Exercise details> From the first line of the data through the line containing "Stylish Coach wedges", transcribe each line exactly. Pictures do not belong in the copy.

Data shown>
_ _ _ _
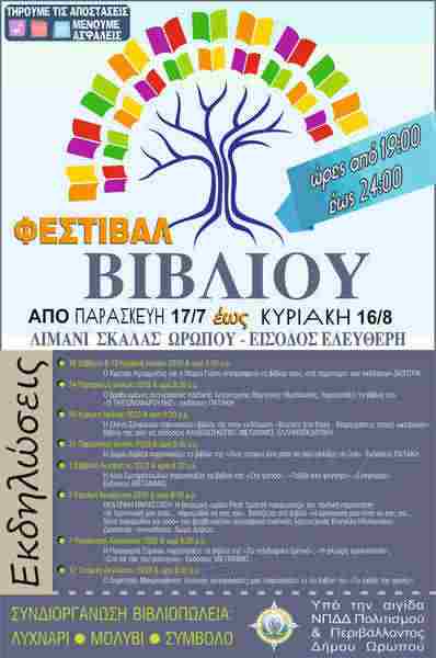 Άνοιξε τις πύλες του, χθες 18 Ιουλίου, το Φεστιβάλ Βιβλίου Ωρωπού, υπό την αιγίδα του Ν.Π.Δ.Δ. Πολιτισμού & Περιβάλλοντος. Το καλό βιβλίο ξανά στη γνώριμη θέση του, στο Λιμάνι Σκάλας Ωρωπού, για τους κατοίκους αλλά και τους θερινούς επισκέπτες της περιοχής.
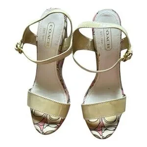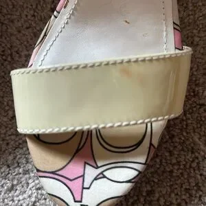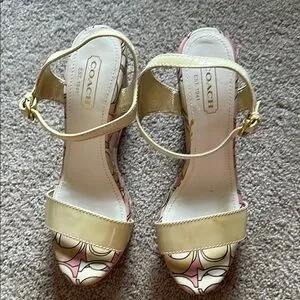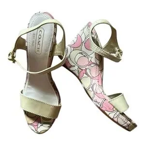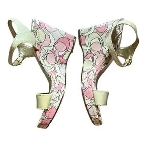 Stylish Coach wedges with a vibrant pink and yellow pattern. Perfect for adding flair to any outfit. Not in perfect condition. Some spots noted in photos. Size:8
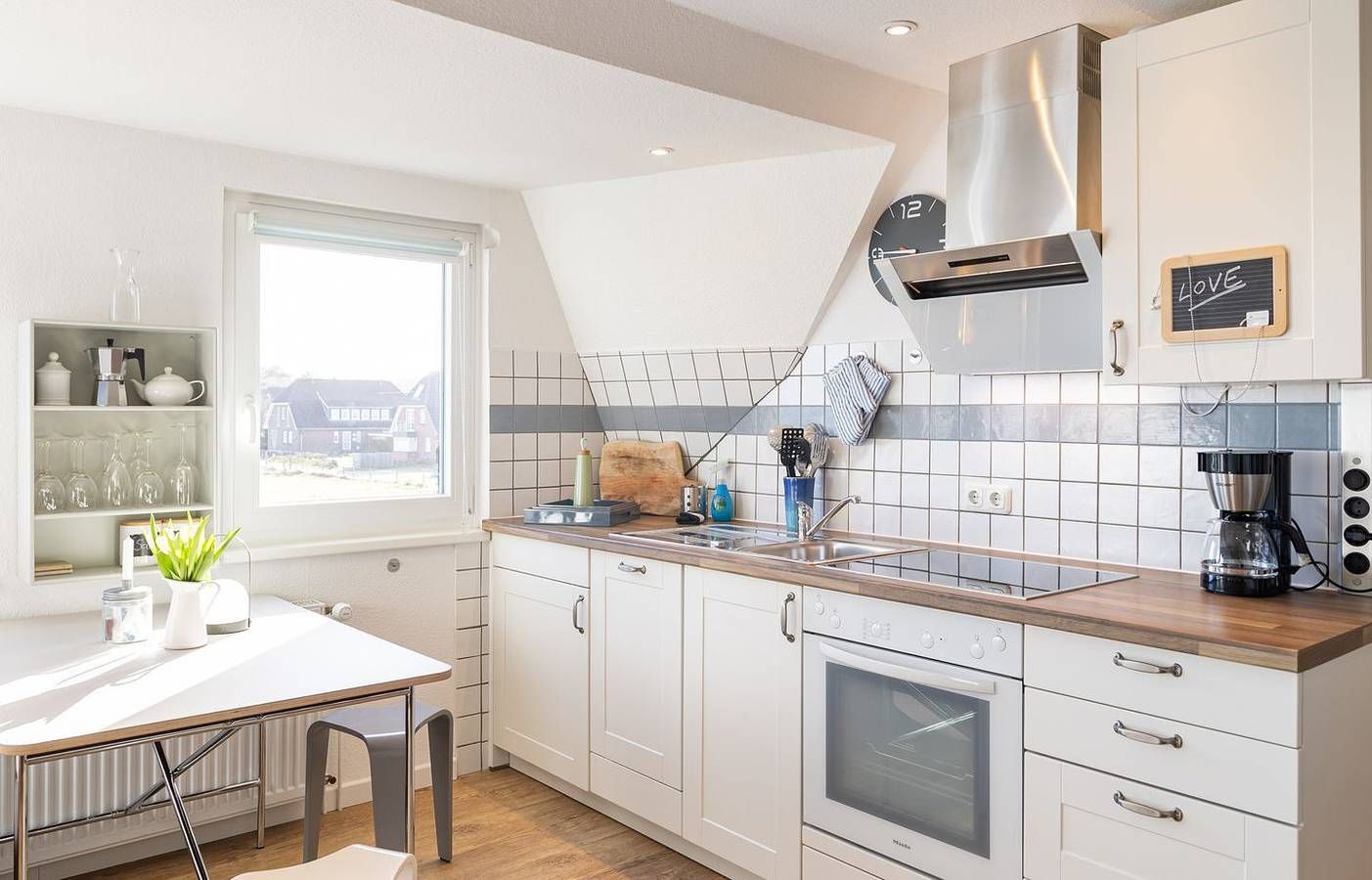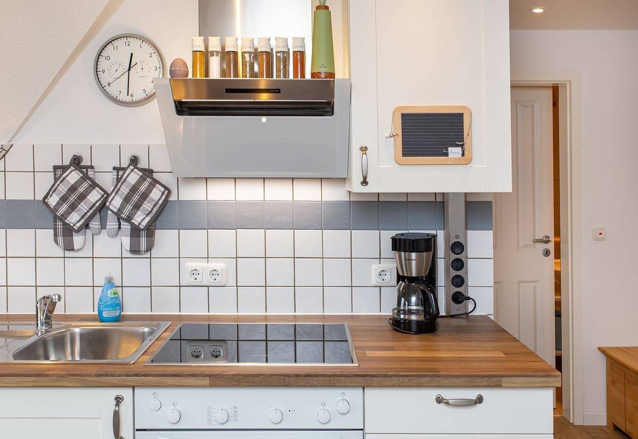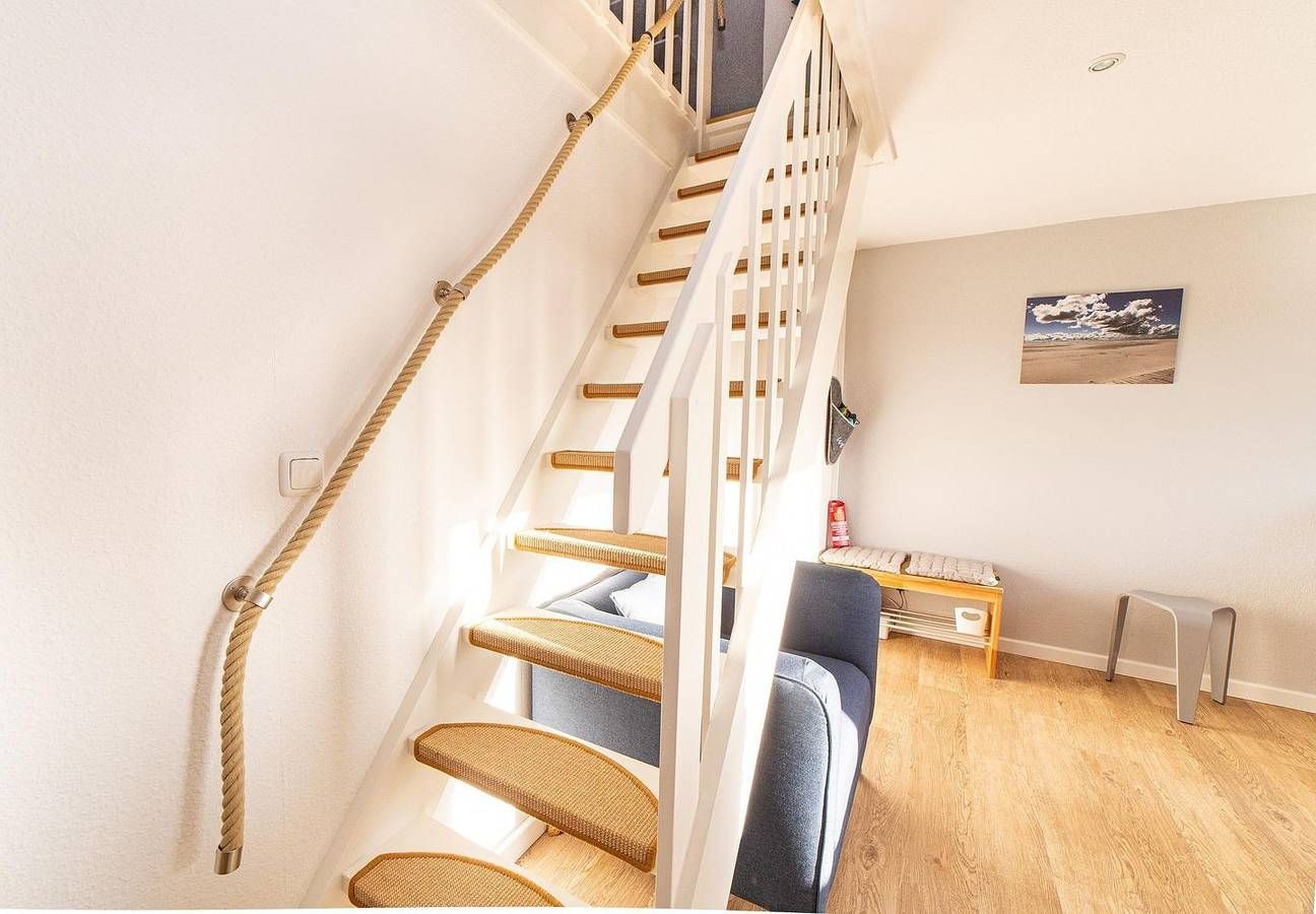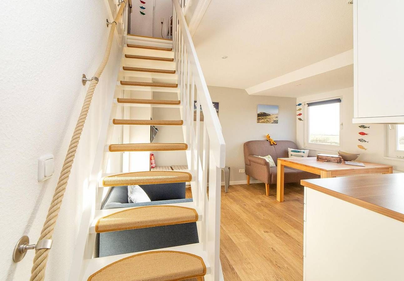 Die Ferienwohnung "Wiese & Watt" liegt am Rand von Norddorf auf Amrum. Sie hat einen weitläufigen und wunderschönen Landschaftsblick über die Wiesen der Insel und das nordfriesische Wattenmeer. Von hier schaut man in die Ferne, zum Amrumer Leuchtturm und weiter bis Wittdün im Süden und zu den Halligen im Nationalpark Wattenmeer. Die helle Küche ist mit einem Backofen, einem 4-Platten-Cerankochfeld, einer Spülmaschine, einem Kühlschrank mit Gefrierfach, Wasserkocher, Toaster, Kaffeemaschine und Geschirr & Kochutensilien ausgestattet. Vom Esstisch aus genießen Sie den weiten Blick über die Insel. Das gemütliche Schlafzimmer ist mit einem Doppelbett in einer Breite von 160 cm möbliert. Das Duschbad mit WC hat ein Fenster. Ein Fön ist ebenfalls vorhanden. Über eine Treppe ist der Spitzboden unter dem Dachgiebel zu erreichen. An einem kleinen Schreibtisch können Sie Ihre Urlaubspost schreiben. In der Wohnung wurde eine Vinyl-Kork Boden verlegt. Die Wohnung "Wiese & Watt" liegt im ersten Stockwerk. Um das Haus herum befindet sich ein schöner Garten. Genießen Sie hier die Sonne im eigenen Strandkorb und schöne Stunden im Freien. Nutzen Sie das kleine Gartenhaus gern, um dort Ihre Räder unterzustellen. Die Wohnung liegt wunderbar ruhig. Dennoch sind Sie in nur wenigen Minuten zu Fuß im Zentrum von Norddorf. Im Gemeinschaftskeller stehen Ihnen Waschmaschine und Trockner zur Verfügung. Als Gast in dieser Wohnung haben Sie kostenfreien Zugang zum Fitnessstudio & Sauna „Eilun Fit“, gleich um die Ecke in Norddorf.
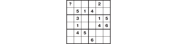 同じ列や太線で囲まれた6個のブロックの中は数字が重複しないようにして、1~6までの数字を空欄に入れたとき、(?)に入る数字は何でしょう?
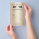 Maskenbildner-Kosmetiker- Eyelash Extensions-Flyer-Preisliste à Goldfarben. Über "weiteres personalisieren" können Sie Schriftart, Farbe, Position etc individuell wählen und verändern. Bei diesem Produkt werden keine Goldpartikel / Glitzer verwendet, Or ist nur der Farbton.
_ _ _ _
Solution to the problem>
 Άνοιξε τις πύλες του, χθες 18 Ιουλίου, το Φεστιβάλ Βιβλίου Ωρωπού, υπό την αιγίδα του Ν.Π.Δ.Δ. Πολιτισμού & Περιβάλλοντος. Το καλό βιβλίο ξανά στη γνώριμη θέση του, στο Λιμάνι Σκάλας Ωρωπού, για τους κατοίκους αλλά και τους θερινούς επισκέπτες της περιοχής.
 Stylish Coach wedges with a vibrant pink and yellow pattern. Perfect for adding flair to any outfit. Not in perfect condition. Some spots noted in photos. Size:8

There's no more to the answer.